B. A. – Que dira la charte ?
L. M. – Le projet de cette nouvelle charte est donc d’élaborer un outil qui permette de juger de la qualité d’une description, mais ne doit surtout pas être « un mode d’emploi ». C’est complexe puisque nous sommes dans un domaine créatif et subjectif, mais nous ne partons pas de rien, il existe déjà des études sérieuses sur la méthodologie d’évaluation d’une traduction par exemple.
Nous pouvons déjà nous inspirer de la charte des bons usages des auteurs de Doublage/Sous-Titrage du Snac. Pour qu’il y ait qualité du produit fini, il faut que les personnes qui le fabriquent disposent des conditions pour le faire. Il est également indispensable que les auteurs soient considérés comme tels par les sociétés de gestion, et touchent des droits d’auteur sur leur travail. C’est un préalable.
H. Ch. – L’audiodescription crée un nouveau public. Il s’agit de prélever des droits en plus, et non de prendre une part des droits d’auteur déjà partagés entre les auteurs.

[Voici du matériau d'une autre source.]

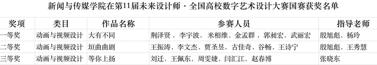 近日,第十一届未来设计师全国高校数字艺术设计大赛(NCDA)全国总决赛获奖名单公布。今年会新闻与传媒学院选送的参赛作品荣获全国一等奖1项,二等奖1项,三等奖1项。

L. M. – Ensuite, sur la manière de juger de la qualité d’un texte, une vérification doit avoir lieu. Notre travail d’auteur se veut fidèle à une œuvre. Cette fidélité peut être estimée par quelqu’un de compétent, selon des principes que nous pouvons poser. Un premier élément central serait de définir ce que c’est que regarder un film. Quel est notre objectif fondamental ? Pour moi, regarder un film c’est avant tout vivre une expérience et être plongé dans un univers. La personne déficiente visuelle perd cette possibilité. Un des premiers critères serait : est-ce que ma description permet à cette personne de se replonger dans cet univers et de vivre cette expérience ?
Pour arriver à cet objectif, il faut recréer la bande image aussi fidèlement que possible grâce au texte de description et l’incorporer dans la bande-son en suivant la même temporalité que le film.
H. Ch. – Nous cherchons en permanence le juste équilibre entre le respect de la bande-son et celui de l’image du film.
L. M. – Si nous décrivons tout ce qu’il y a sur l’image, nous allons déborder sur la bande-son, et la saboter. Si nous respectons la bande-son dans son intégralité, nous allons dire trois mots d’une image extrêmement riche et saboter l’image.
H. Ch. – Notre critère est de permettre de vivre l’expérience cinématographique.
L. M. – Chaque auteur a sa marge de création au sein de cette exigence.
H. Ch. – Notre description doit être discrète, ce qui n’a rien à voir avec une neutralité de ton : il ne faut surtout pas être gris. Être discret est une façon de s’intégrer au film. Être humble, ne pas essayer de faire sa vedette. La description ne doit pas prendre le pas sur le film.
L. M. – Que la description se fonde dans le film, ne soit pas collée par-dessus, ne vienne pas masquer ou écraser le film. Ou expliquer le film. C’est à la fois de l’humilité et une grande ambition.
H. Ch. – Si je trouve une belle phrase, mais qu’elle mord sur la respiration émue de la comédienne et sur le début de la musique, j’ai envie de la mettre ma phrase, parce que je l’ai cherchée pendant trois heures et vraiment elle marche bien, eh bien je ne vais pas la mettre, parce que ce n’est pas une vitrine pour mes jolies phrases quand j’arrive à en faire.
L. M. – Au respect de la bande-son et de l’image, nous devons ajouter celui de la temporalité. Un film est une expérience qui se déroule dans un temps précis ; chaque événement se passe « ici et maintenant », pas avant ni après. Il faut que la description vous fasse vivre la même chose, au même moment, que l’image.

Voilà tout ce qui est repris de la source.